SOURCE INFORMATION START
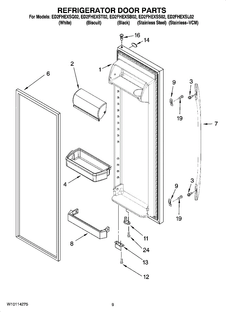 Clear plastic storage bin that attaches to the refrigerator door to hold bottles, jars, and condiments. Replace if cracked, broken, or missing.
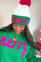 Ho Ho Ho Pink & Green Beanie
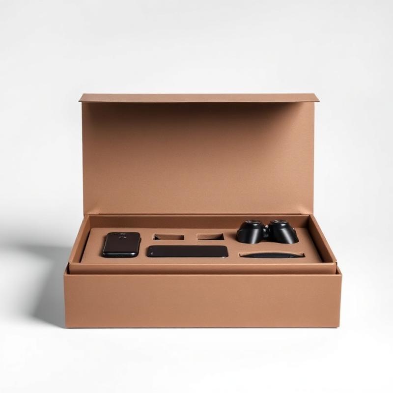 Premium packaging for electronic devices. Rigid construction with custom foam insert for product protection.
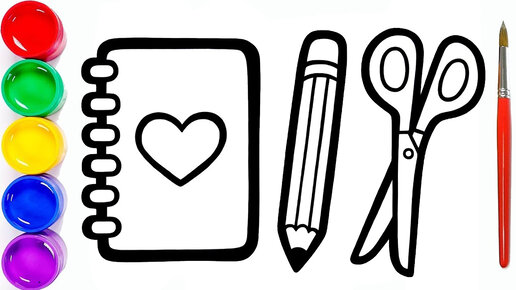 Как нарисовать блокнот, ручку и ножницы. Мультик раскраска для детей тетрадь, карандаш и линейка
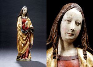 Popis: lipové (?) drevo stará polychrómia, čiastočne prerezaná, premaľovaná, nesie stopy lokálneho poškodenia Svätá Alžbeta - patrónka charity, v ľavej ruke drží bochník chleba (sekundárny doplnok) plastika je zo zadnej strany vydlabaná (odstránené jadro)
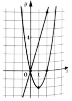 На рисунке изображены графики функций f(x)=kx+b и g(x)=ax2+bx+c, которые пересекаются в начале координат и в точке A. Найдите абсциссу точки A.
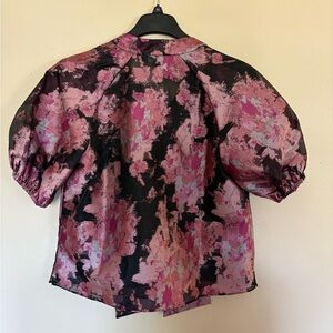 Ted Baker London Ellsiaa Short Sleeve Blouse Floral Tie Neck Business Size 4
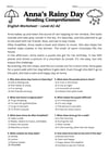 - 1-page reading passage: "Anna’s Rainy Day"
SOURCE INFORMATION END
SOURCE INFORMATION START
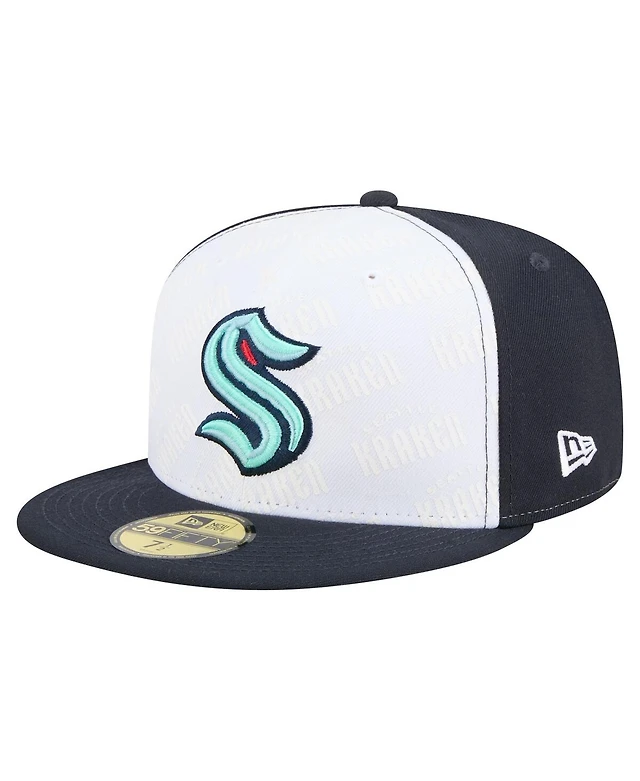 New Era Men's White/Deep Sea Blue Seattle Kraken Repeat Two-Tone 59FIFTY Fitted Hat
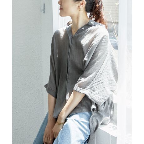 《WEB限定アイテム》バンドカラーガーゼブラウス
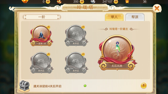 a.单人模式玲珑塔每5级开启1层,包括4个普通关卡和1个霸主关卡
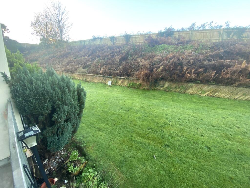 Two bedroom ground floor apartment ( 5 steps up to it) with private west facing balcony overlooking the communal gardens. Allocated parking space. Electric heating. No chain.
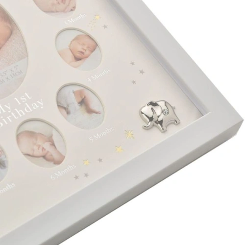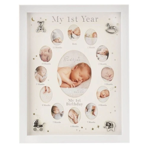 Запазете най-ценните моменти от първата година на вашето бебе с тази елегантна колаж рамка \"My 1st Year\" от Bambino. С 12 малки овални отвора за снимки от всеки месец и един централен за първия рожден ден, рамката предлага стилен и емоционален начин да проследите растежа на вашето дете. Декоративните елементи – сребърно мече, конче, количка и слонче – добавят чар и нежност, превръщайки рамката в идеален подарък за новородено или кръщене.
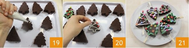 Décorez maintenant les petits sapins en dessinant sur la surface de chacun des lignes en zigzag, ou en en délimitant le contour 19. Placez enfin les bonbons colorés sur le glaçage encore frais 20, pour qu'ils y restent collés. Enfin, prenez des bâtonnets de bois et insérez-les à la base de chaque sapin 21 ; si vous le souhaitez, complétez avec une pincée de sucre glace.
SOURCE INFORMATION END
SOURCE INFORMATION START
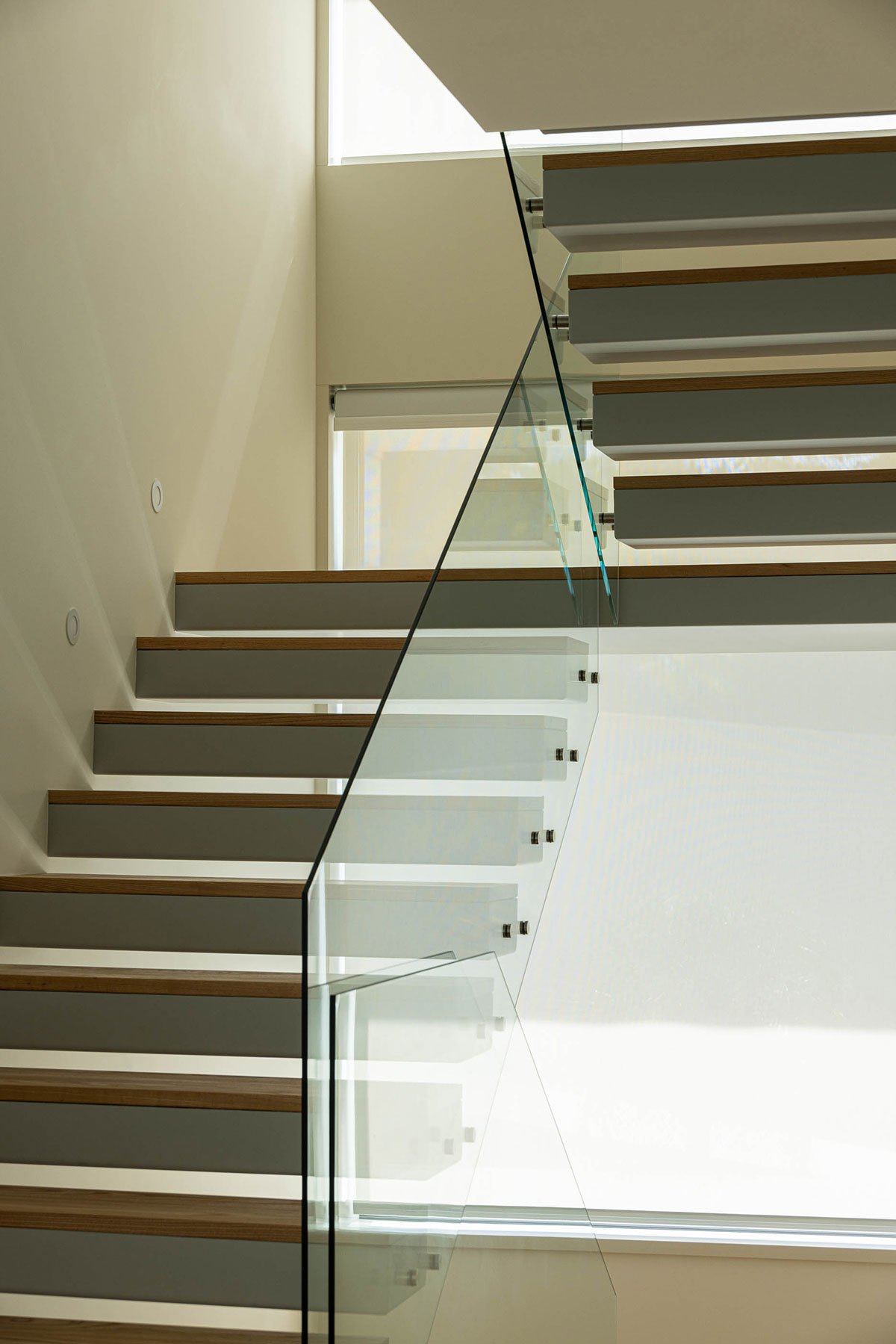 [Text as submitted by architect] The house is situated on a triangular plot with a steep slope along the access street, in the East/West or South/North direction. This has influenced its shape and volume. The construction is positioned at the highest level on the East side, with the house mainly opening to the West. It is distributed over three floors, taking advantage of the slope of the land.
SOURCE INFORMATION END
WORK ITEM: Please output the lines above beginning at the line with "На рисунке изображены" and ending after the line with "- 1-page reading", precisely as written and with no pictures.

EXERCISE ANSWER:
 На рисунке изображены графики функций f(x)=kx+b и g(x)=ax2+bx+c, которые пересекаются в начале координат и в точке A. Найдите абсциссу точки A.
 Ted Baker London Ellsiaa Short Sleeve Blouse Floral Tie Neck Business Size 4
 - 1-page reading passage: "Anna’s Rainy Day"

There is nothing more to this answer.